Nine children with no clear causes of hepatitis were identified. They come from different parts of the state with no identified link to each other. All are generally healthy with no underlying medical conditions. The reported median age is about 3 years, with a range of 1 to 6 years.

Three of the nine children in the Alabama cohort ended up with acute liver failure, a life-threatening condition. Two have received liver transplants. According to the CDC, all nine children are currently recovering, including those with liver transplants.

CNN: How come there are so many cases from one state?

Wen: we don’t know. I guess there’s not necessarily something specific to Alabama, but there are possibly cases that are not being reported in other states. That’s why the CDC issued its health advisory, so doctors can be aware and flag these cases if they see them.

The UK was the first to report cases to the WHO. They have been actively looking for cases. Its Health Security Agency has identified at least 163 confirmed cases in England, Scotland, Wales and Northern Ireland. It is possible that now that doctors in the US know about it, more cases will be reported here as well.

CNN: What do we know about the causes of these hepatitis cases?

Wen: When patients show signs of hepatitis, they typically receive a diagnostic test that tests for hepatitis A, B, or C; if they have been exposed to toxins and medications; if they have certain autoimmune markers; Etc. All of these are negative in children so far.

A common feature among the nine initial Alabama cases in the CDC report is that they all have blood tests that show adenovirus infection. (Two more children have been identified since those nine cases were first reported.)

However, given the possible link, this is why the CDC has issued its specific health alert. He advises doctors to watch for cases of childhood hepatitis and report them immediately to the CDC and state health authorities. It also instructs health care providers to order specific adenovirus tests in these children.

CNN: Could these cases be related to covid-19?

Wen: It doesn’t seem likely. None of the children in the Alabama case series are in the hospital due to a COVID-19 infection. There is also no link with having received the Covid-19 vaccine. The UK Health Security Agency previously reported that none of its more than 100 cases to date had been vaccinated.

CNN: How concerned should parents be, and what are the symptoms they should watch for?

Wen: These cases of unexplained hepatitis in children are still very rare. However, some have been extremely serious. Parents shouldn’t be overly concerned, but they should know that this is something that is being investigated and then they should contact their doctor if they are concerned.

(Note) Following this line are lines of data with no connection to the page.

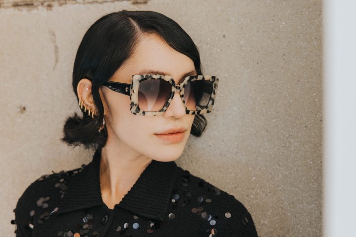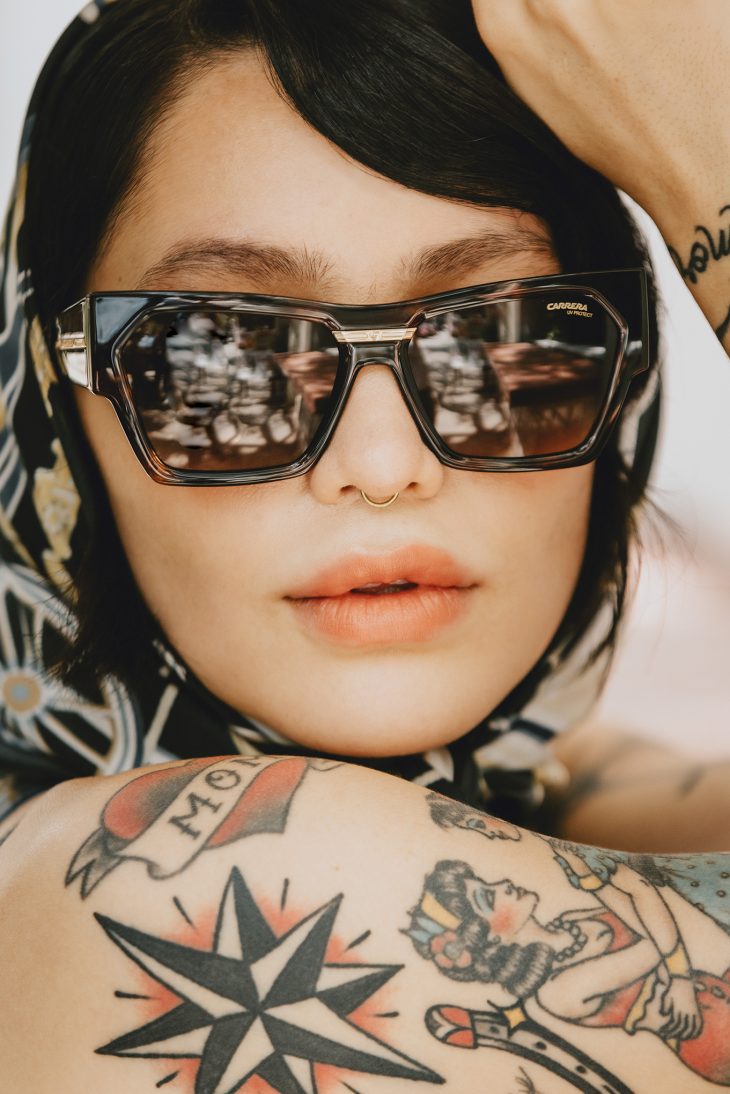 lentes Carrera mascada y vestido Hermès
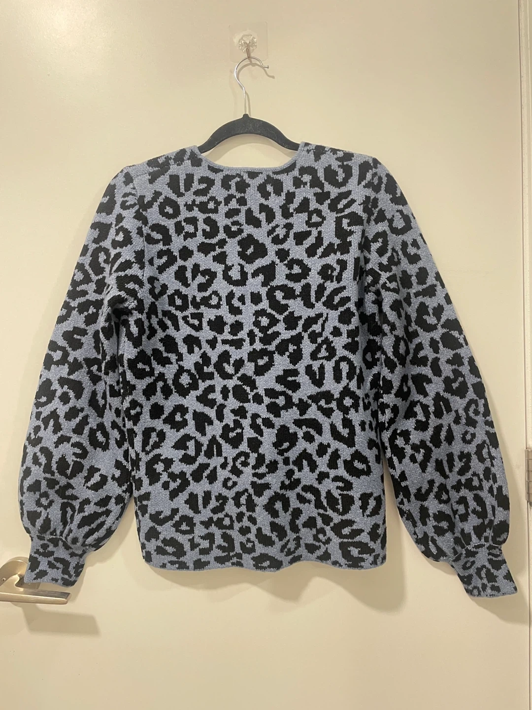 Cute blue and black leopard print sweater. Long sleeves with balloon cuffs. Crew neck. Soft knit material. Perfect for fall or winter.
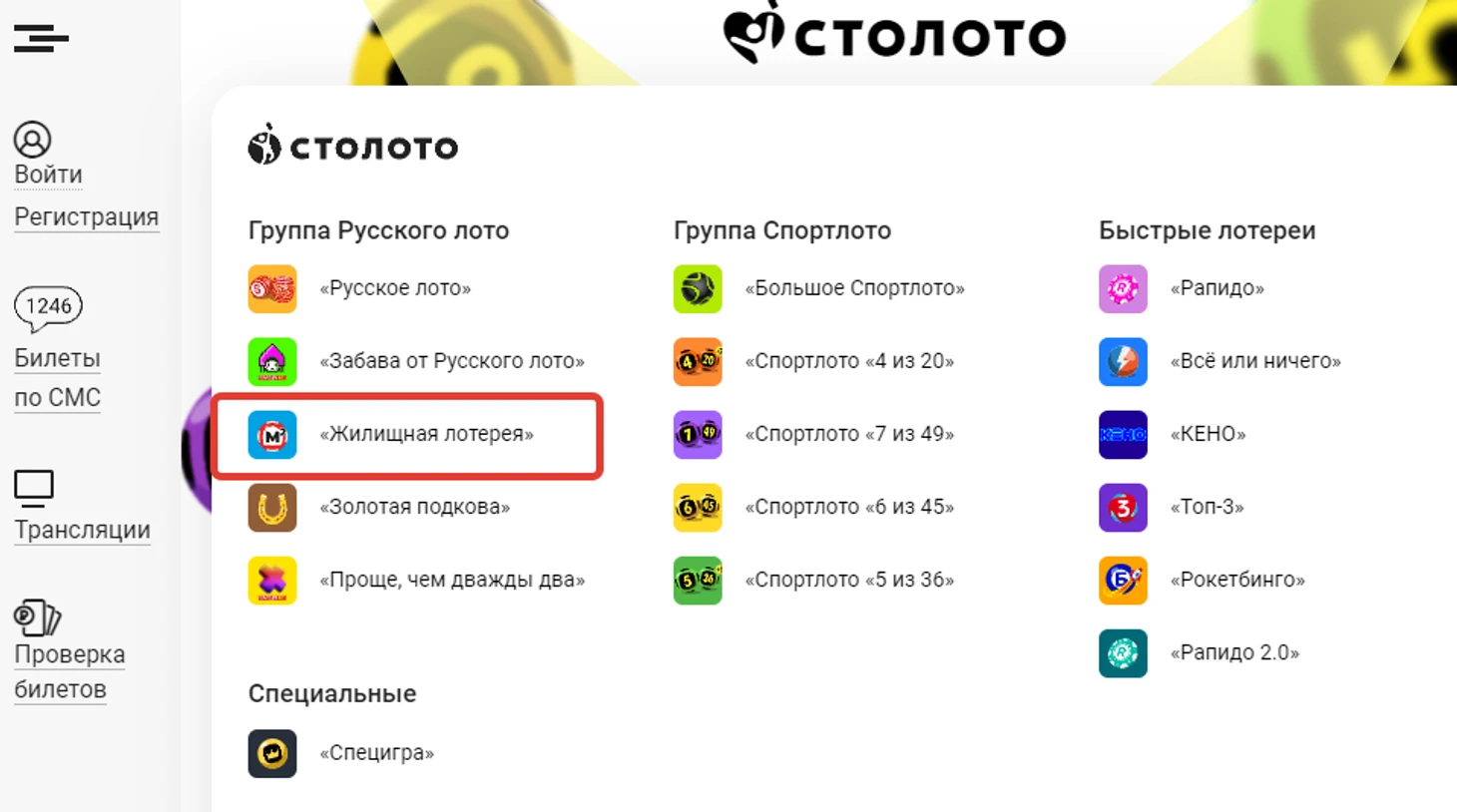 На картинке: общий список лотерей на сайте Столото, красным выделена Жилищная лотерея
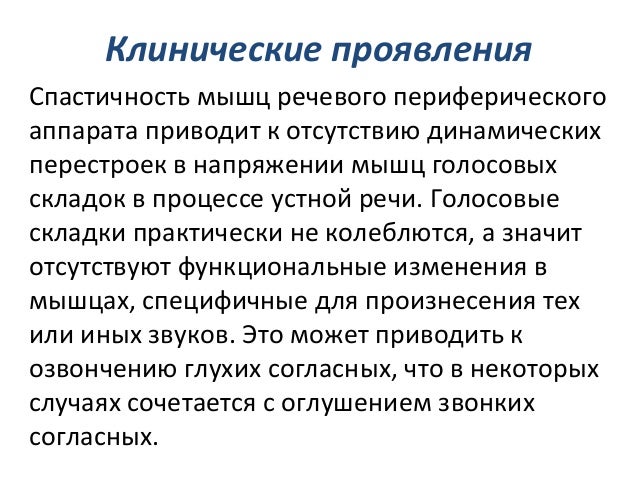 - 48. Клинические проявления Спастичность мышц речевого периферического аппарата приводит к отсутствию динамических перестроек в напряжении мышц голосовых складок в процессе устной речи. Голосовые складки практически не колеблются, а значит отсутствуют функциональные изменения в мышцах, специфичные для произнесения тех или иных звуков. Это может приводить к озвончению глухих согласных, что в некоторых случаях сочетается с оглушением звонких согласных.
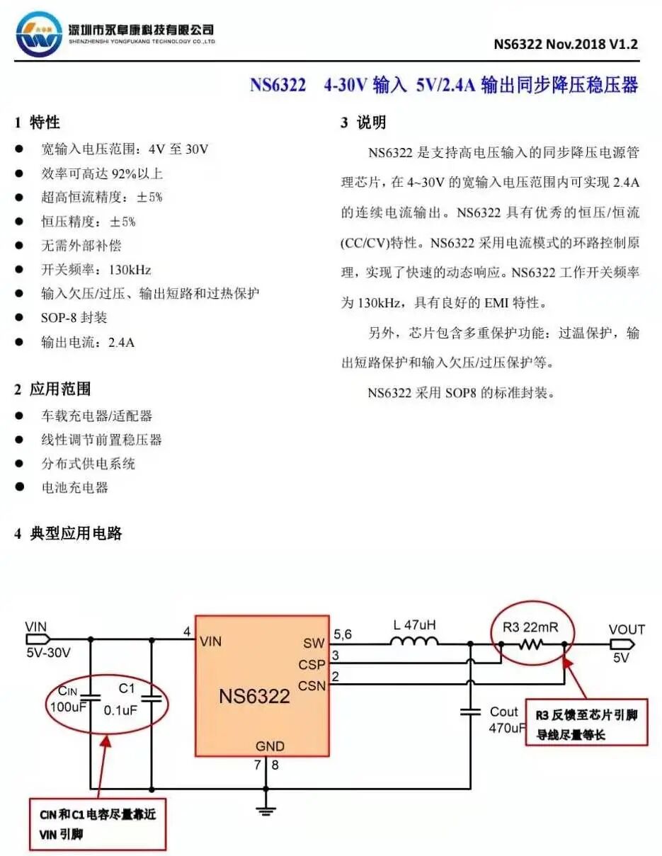 永阜康NS6322同步降压稳压器,为USB-A口降压5V输出。
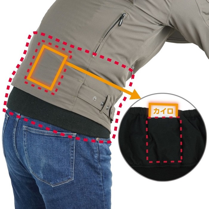 さらに腰部内側に装備されたカイロポケットにより要所を集中的に温めることも可能。
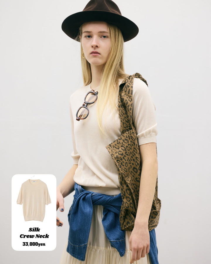 最高級のシルクを贅沢に使用し、18ゲージの天竺編みで丁寧に編み立てた半袖のクルーネックニット。エクリュカラーがシルク特有の上品な光沢をやわらかく表現して、装いに洗練されたニュアンスをプラス。控えめのカラーが、ブラウン小物などとも相性抜群。
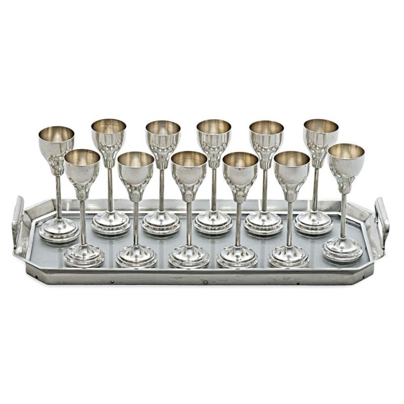 Műtárgy leírás – Bécs, 1872-1922 közötti és Pest, 1867-1936 közötti fémjel, 800-ezrelékes ezüst, "VO" és "FJ" mesterjegy, art deco stílusú füles tálca üveglappal, fémnyomott poharak, össz: 13 db, tálca Btto.: 1056 g; 36,2*14,8 cm, poharak: 433 g; m: 11 cm

The early symptoms of hepatitis are nonspecific, which means that many people have these symptoms due to other causes. They include nausea, vomiting, abdominal pain, fever, fatigue, loss of appetite, and joint pain. Later signs include dark urine and light-colored stools, as well as jaundice: the skin turns yellow, and the whites of the eyes and eyelids appear yellow.

Many children have viral illnesses that can cause gastrointestinal upset, fever, and fatigue. If your child can’t keep fluids down, it’s a sign that he should contact his doctor. Also, if symptoms persist and do not improve, or if your child begins to feel lethargic, contact your doctor.

The most concerning signs are if you start to see dark urine, light-colored stools, and yellowing of the skin or yellowing of the whites of the eyes. You should seek immediate medical attention if your child starts with general viral symptoms and then progresses to these signs.

CNN: Is there anything that can be done to prevent these cases of hepatitis?

Wen: Since the cause remains unknown, we cannot say what measures will help prevent them. If, in fact, there is a link to adenovirus, then the same strategies we have been using during the coronavirus pandemic, such as thorough hand washing with soap and water and urging people to stay home when sick, would be helpful.